The play The Birthday Party by Harold Pinter is known for it’s absurdist themes and menacing secrets. The title, to me at first, made me a bit uninterested. It started off normal until two characters enter the show which changes everything, including the birthday boy’s demeanor and you see the truth unravel. The funny thing about this story, is we don’t know if it’s actually his birthday or not. Stanley Webber, a young pianist who seems to be hiding from something. He is staying in a run down boarder house ran by an older couple in a place where he feels he won’t be found. The woman running the establishment, Meg Boles, asks why he doesn’t play piano anymore but he always seems to find excuses. Meg also tries to make a surprise birthday party but Stanley insists it is not his birthday, but the real question is, is he lying, considering he is such a suspicious character who could be lying about anything.
The characters in this play all have images of themselves that they either want to hide or that they make up, making them very absurd. This play has been categorized as a Theatre of the Absurd play because of it’s diverse identity and feelings being displayed. For example, the character Meg is said to be in her sixties, but she acts much younger than that, almost like a tramp, attracted to Stanley and his musical skills. He plays with his hair and gives him sexy-like attitudes. Her husband Petey doesn’t speak much in the play and tends to seem uninterested in the things she wants to talk about. Perhaps this is why she acts sexually towards Stanley. He is a young and talented man who has lived with them for almost a year while her husband it too stuck in the newspaper to even talk about the weather with his wife. I see Meg as a lonely women, desperately wanting to reach for Stanley in the hopes of making her husband jealous. However, this is not how I feel the entirety of the show is based off of; there are three other characters, McCann, Goldberg, and Lulu.

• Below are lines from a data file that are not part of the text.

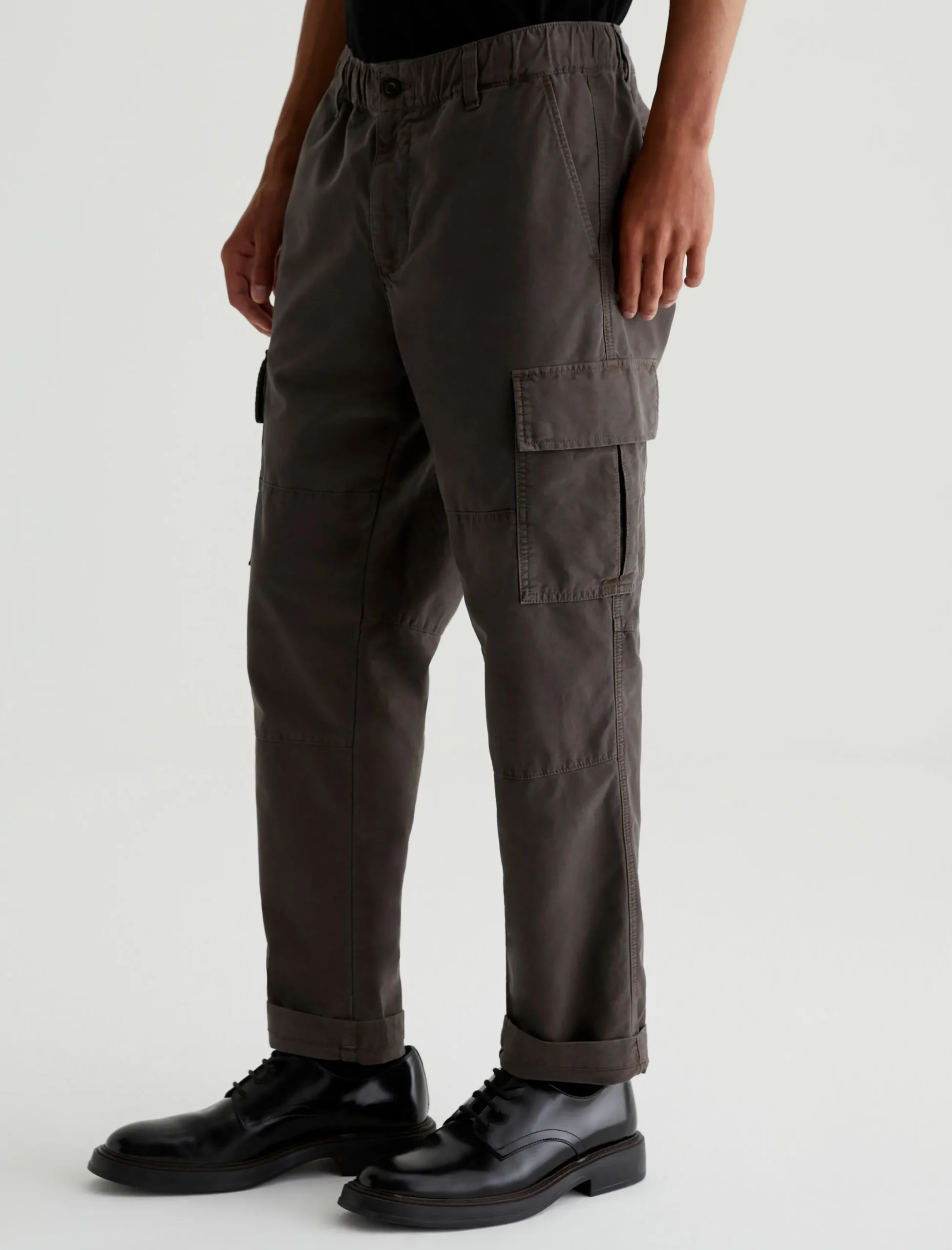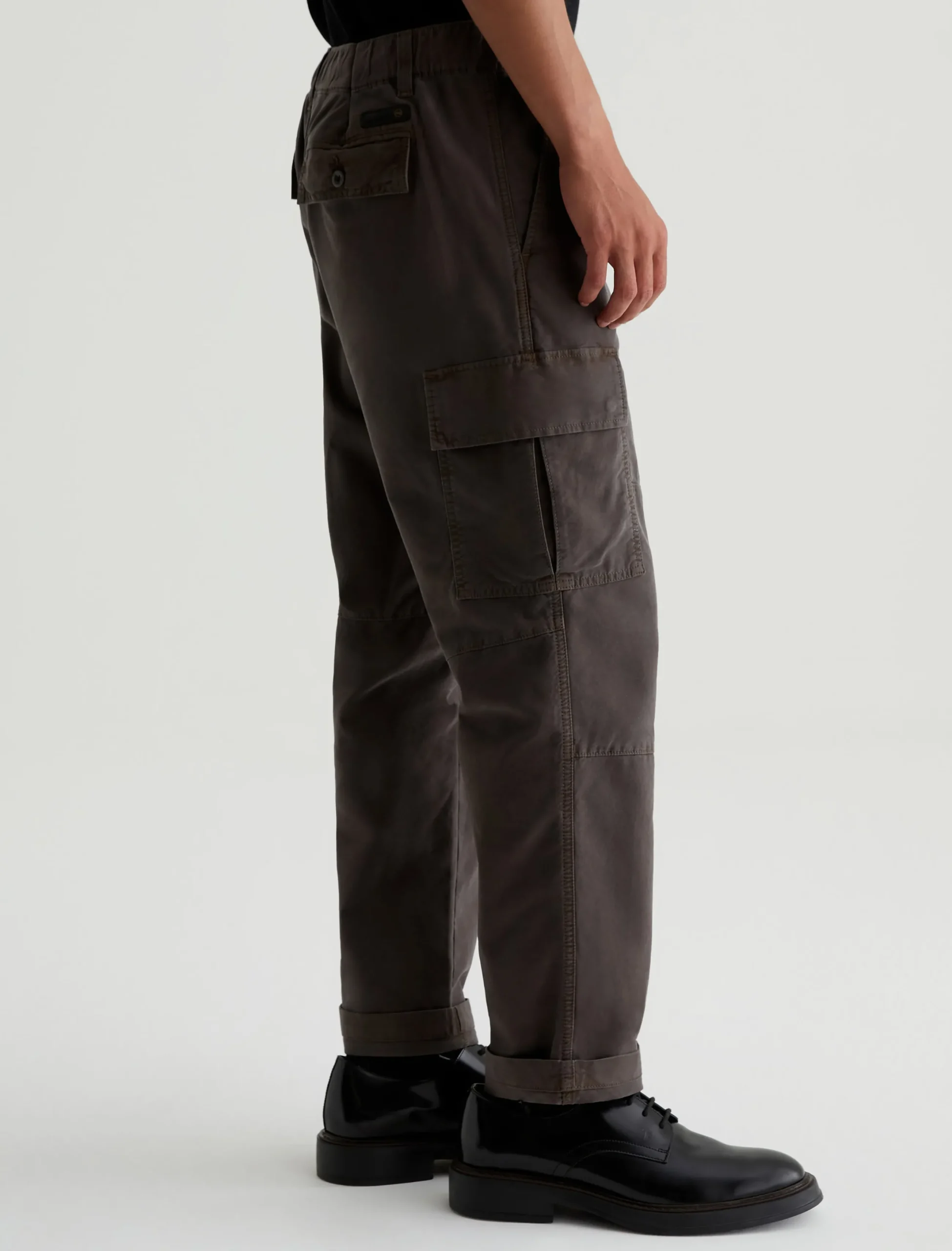 The Kace 28 Cargo pants combine a modern straight-leg fit with utility-inspired details—paneled knees, cargo pockets at the sides, and flap pockets at the back. Cut from our 6.9 oz. Flex Cotton Blend in dark grey, the mid-rise pair has a relaxed fit from hip to knee before tapering to a cuff-ready leg opening. It’s got a comfortable elasticized waistband with a zip fly and button closure, plus an interior drawstring so you can adjust the fit.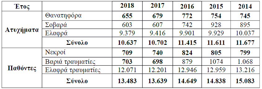 Στον πίνακα (1) καταγράφονται ορισμένα βασικά μεγέθη για τα τροχαία ατυχήματα και τους παθόντες την τελευταία πενταετία, προκειμένου να είναι ευχερής η σύγκριση από έτος σε έτος ενώ ο πίνακας (2) επικεντρώνεται στις μεταβολές για το έτος 2018 σε σχέση με το 2017.Στον πίνακα (3) παρατίθενται οι περιφερειακές ενότητες της χώρας ανάλογα με την επικινδυνότητα που παρουσιάζουν στα τροχαία ατυχήματα.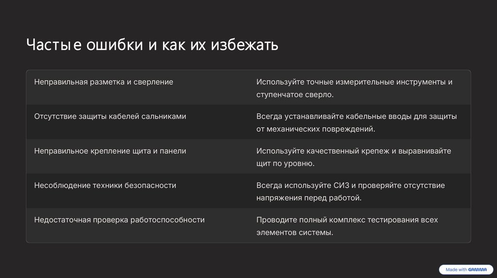 Часты е ошибки и как их избежатьНеправильная разметка и сверление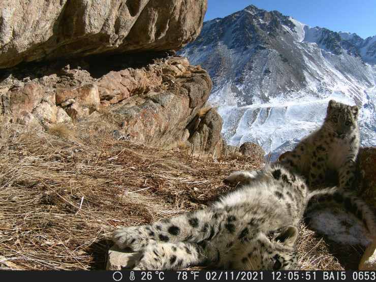Резвящиеся снежные барсы попали на камеру в горах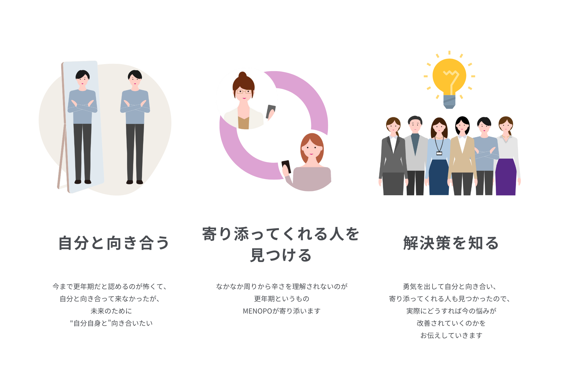 更年期に訪れる男女の閉ざされた悩みに寄り添い、医師や専門家による信頼性の高い情報に加えて、実際のリアルな体験談やみんなの相談事例などをオンラインメディアとして発信しています。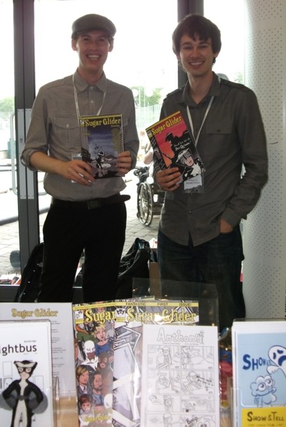 Daniel Clifford is a busy man writing both Halcyon and Tenderfoot and Sugar Glider. Wearing his Art Heroes hat (above right), Daniel and artist Lee Robinson (left) create and publish Halcyon and Tenderfoot as well as hosting comics workshops. Wearing his Sugar Glider hat (below left), a hat that admitted looks much the same as his ‘other’ one, he writes the various Sugar Glider titles with artwork by Gary Bainbridge (right). There are more details of Halcyon and Tenderfoot at the Art Heroes website and more details of Sugar Glider at the Sugar Glider Comics website.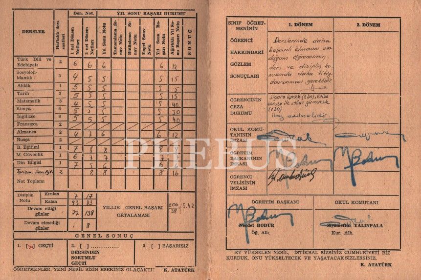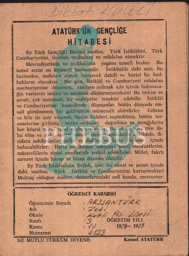 Eğitim tarihi: Kuleli Askeri Lisesi 1978-79 eğitim yılı karnesi, 19x29 cm

McCann and Goldberg come into the show claiming to be together on a short holiday. I’ve read on several websites in the past when it came to analyzing this play, and many claim that since McCann and Goldberg come in for a short holiday, this completely destroys the fact that they are staying in a boarding house, however when you look up what exactly a boarding house is on the internet, the definition is “a house providing food and a bed for paying guests” which clearly destroys those theories since they are paying for an overnight stay. Lulu is the next door neighbor who continuously flirts with Stanley. They’re in a small town with not many young people and Stanley just happens to be staying next door so of course a young woman like Lulu would try to get with him. However, Stanley shows no interest considering he’s only staying there to hide away from someone or something. Yet, once Stanley hears about the two men coming to the house, he immediately changes his attitude and demeanor and tells Lulu to run away with him. This sudden change in his personality shows he is trying to get away from the two men. He clearly is staying there to hide from them.
In act two, all hell breaks loose as everyone gets drunk during the birthday party. Stanley goes so crazy as to almost rape Lulu and almost murder Meg. In act three of the play, McCann and Goldberg become completely suspicious, they talk in ways almost angry with each other when it comes to discussing Stanley. They claim that Stanley had a mental breakdown the night before. They have long pauses and try to find the right words to say to Petey or Lulu. Once they finish talking to Stanley offstage, he comes onstage looking completely messed up with broken glasses and slurred words. McCann and Goldberg start telling him things like “you will be a success” and “we will provide for you”. When discussing this, many people I know just wonder why he was taken away, wondering if he murdered someone or did something stupid to piss someone off, but digging deeper into text, I found that when they say things like “you will be a success” tells me something different. He was a beautiful piano player and Meg loved to listen. Meg used to watch him play on the piers, but then he stopped. My assumption here is that he stopped playing because he was drawing attention. Meg says that big crowds used to stop and listen to him play, and I think that perhaps this scared Stanley into stopping.
Everyone I know, when it comes to this play, automatically assumes the worst; that he killed someone and is hiding away from being caught. I, however, want to make the conclusion that he is an artist. He doesn’t want fame and just wants to play because he loves to do it. I am a pianist and I know it always annoyed me when I was on a streak on playing and once I stopped for a song, my family in other rooms would clap or start talking about how I could do better and I honestly hated it and stopped play because of how much it bugged me. My focus would vanish once I was disturbed. I feel like the playwright wrote Stanley in the same manner. Perhaps he played and loved to do it but he hated having an audience or didn’t want a record deal. I’ve made my own conclusion that perhaps Stanley was offered a music deal, but continued to deny it, but the producer (or producers, i.e. McCann and Goldberg, perhaps) didn’t want his talent to slip from their fingers. I feel that Stanley was running away from fame. But many people would contradict me with this theory considering during the first read, immediately, reader think Stanley is psychotic from his behavior in act two and since he almost killed Meg, he must have killed someone else, but I still stand strong to my thoughts because I believe that when someone is being pressured or chased into a situation they don’t want to be in, they could snap, especially once they felt they were safe.